In enacting section 112 as part of the 1952 patent act, Congress retained the phraseology of R.S. 4888 with minor deletions in wording, and added the clause at the end of the first paragraph which gives rise to the controversy here. In our view, there is nothing in that clause, either explicitly or implicitly, which necessarily requires a specific working example, labeled as such, to be set forth as the contemplated “best mode.” Moreover, we have nothing in the record before us to suggest that appellants have not in fact disclosed the best mode contemplated by them of carrying out their invention. Quite the contrary, as is evident from their specification quoted above, appellants have disclosed a number of elastomeric fluorinated copolymers as “particularly advantageous,” temperature ranges in which the copolymerization reaction “is preferably carried out,” and “preferred” or “most desirable” components of catalyst systems to be utilized. Certainly the absence of a specific working example is not necessarily evidence that the best mode has not been disclosed, nor is the presence of one evidence that it has. It seems to us that an inventor may represent his contemplated best mode just as well by a preferred range of conditions or group of reactants as by a working example which employs unitary values of each variable involved.

In conclusion, we hold:

(1) That appellants’ disclosure, considered as a whole, does completely disclose a specific embodiment of the inventions claimed in claims 1-7, 10, 11 and 14-16.

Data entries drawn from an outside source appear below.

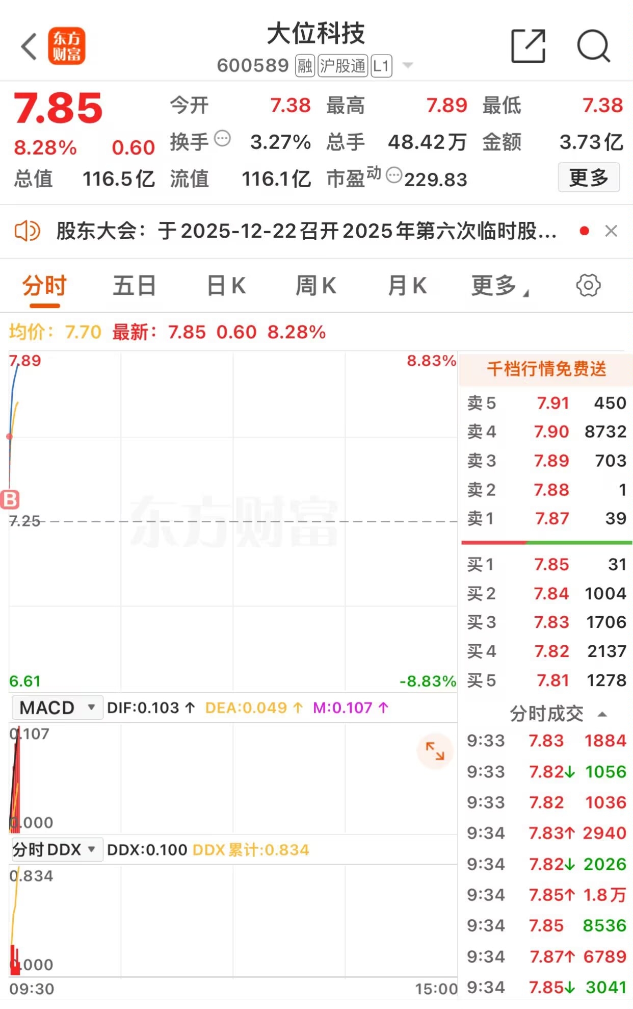 $大位科技(SH600589)$ 上车#炒股日记# #强势机会#
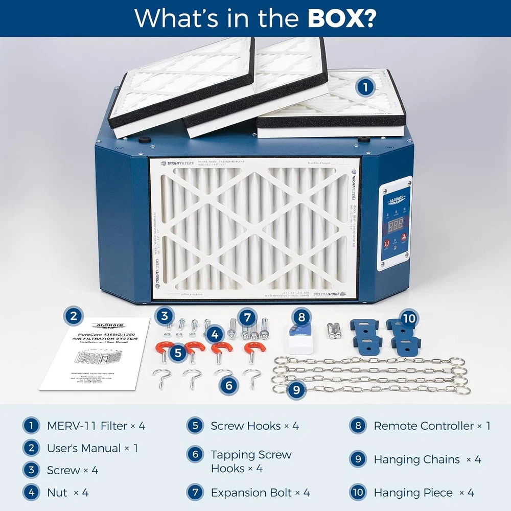 AlorAir 360 degree Intake Air Filtration System - (1350 CFM) with Strong Vortex Fan, Built-in Ionizer, Shop Dust Collector for Woodworking Shop, Garage Works Shop, Purecare 1350IG Click Blue Underlined fonts to Shop 4Pack Filter. Alorair 4-pack MERV-11 Air Filter for Purecare 1350/1350IG Air Filtration System Product information Technical Details Manufacturer ALORAIR Part Number Purecare 1350IG Item Weight 27 pounds Product Dimensions 20.5 x 20.5 x 9.8 inches Style 1350 IG Material iron Voltage 115 Volts Batteries Included? No Batteries Required? No About this item Kindly Note: The AIR Filtration System does not meet California's regular requirements, it can not be shipped to California, Accessibility: Timer cycle controller, you can set fan to shut down automatically in 1-9 hours. √ IR remote system: There is no wireless interference, and the anti-interference ability is strong. √ With a hook and chain: Puricare 1350IG air filtration system is easy to move and can be hung from the ceiling in the shop or placed on a workbench. Built-In Ionizer: ALORAIR air filtration system built-in ionizer, the air passed through is subjected to electric discharge. Pollutantsand odor particles in the drawn-in air are subjected to oxidative degradation and can achieve the effect of dust removal,elimination of odors, and improvement of air quality to promote your health. 360 degree air Intake Air Filtration System: The Shop Dust Collector has a 360 degree air intake design, powerful enough to cover a large area with high circulating airflow, sawdust from woodworking, grinding, sawing, etc. Improving your workplace’s air quality. Dimensions: 20.5"Lx 20.5" Wx 9.8"H; electrical Reguirements: 115v,60 Hz, 1.5 A ; cover rooms up to-1700 sq.ft; noise rating: 60 to 69 dB Strong Vortex fan: The Air Filtration System for woodworking is equipped with a strong vortex fan, which generates a strong airflow when working, and maintains a high static pressure state even if the filter covers a large amount of wood chips. It has two-stage speed selection. Suitable for wood carving workshop, Woodworking, Garage. High Eficiency Filtration Technology: The shop air filtration system is equipped with a fiter with class MEVR 11, which canstop 90% of 3-10um particles and 85% of 1um particles. ldeal for wood carving, sanding, tumning, scroll saw work, rotary tools, powder mixing, etc. it quarantees periect results in terms of reducing indoor alr polution. The filter can be easily replaced. Product description PureCare 1350IG Dust Collector with Built-In Ionizer Wildfire Dust & Smoke Control PureCare 1350IG featured ionizer can reduce the dust and smoke, built in strong vortex fan with 2 stage air flow speed creates strong air circualtion, improves your air quality when wildfire comes. 2-Speed Air Filtration System with Remote Control Features 360 degree air intake design that circulates air in a 400 square foot space up to 13 times per hour. Use Vortex fan to create more powerful wind, offer 2 optional airflow speeds of 1050CFM/1350CFM for your adjustment. Purecare 1350 dust collector includes an infrared remote control, in addition to manual control, also supports remote control within a certain distance. High-density MERV-11 is easy to disassemble and install, assisting unit to achieve more thorough cleaning. 1-9 hour programmable timer allows you to set the time you desire, the unit automatically shuts off when the set value is reached. Purecare 1350 air filtration system has a 360 degree air intake design. Compared with traditional units, it can improve the air quality of woodworking workshops more efficiently and quickly, providing you with better air circulation. Hang it from the ceiling of the workshop or place it on a horizontal surface to effectively remove sawdust particles or other allergens from the space up to 1350 cubic feet per minute. 1050CFM/1350CFM 2 Speed Options Two optional speeds (1050CFM/1350CFM) allow you the freedom to choose the efficiency of your air filtration system based on your actual needs. 360 degree air intake is designed to cover your work area in all directions, up to 1,700 square feet.
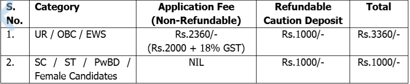 - Application fee – Rs. 1000/- (General/OBC/EWS Candidates) (SC/ST/PWD/Female candidates are exempted from payment of application fee). (For detail procedure of application fee payment refer PDF/visit website)

(2) That appellants’ disclosure does contain a written description of the invention in such manner as will enable one skilled in the art to make and use those inventions without undue experimentation.

(3) That no reason exists to cause us to believe appellants have not set forth the best mode contemplated by them of carrying out the invention.

II. A somewhat different question is presented by claims 8, 9, 12 and 17-22 which are directed in varying degrees of detail only to copolymers of hexafluoropropene (CF3 — CF = CF2) andvinylidene fluoride (CF2=CH2). Those particular copolymers are nowhere specifically named in the specification. Appellants, however, urge that the copolymers of those claims “would be the natural and expected result achieved by one skilled in the art following the procedures outlined in the application.”

While it might be possible to produce the specific copolymer of hexafluoropropene and vinylidene fluoride here in issue by a fortuitous selection of that particular pair of monomers from the list of'30 or so other monomers in a manner of selection generally suggested by appellants in their specification hereinbefore quoted, we are not convinced that appellants’ specification, considered as a whole, necessarily discloses that co-polymer in a manner entitling them to claim it. As we stated in Prutton v. Fuller, 230 F.2d 459, 43 CCPA 831:

The question as to whether an application forms a proper support for a claim to a composition which is not specifically disclosed, but which falls among compositions suggested by general language in the application is one which must be determined largely by the particular circumstances of each case. The determining factor is whether the application would fairly suggest to the skilled worker in the art the particular composition claimed, or whether the desirability of that composition could be ascertained only by extensive experimentation. As was noted in In re Prutton, supra, [200 F.2d 706, 40 CCPA 724] the indication or lack of indication of a preference for the composition, in the application disclosure, is an important factor to be considered in making the determination, since anyone attempting to carry out the disclosure of an application would logically begin with the preferred examples given.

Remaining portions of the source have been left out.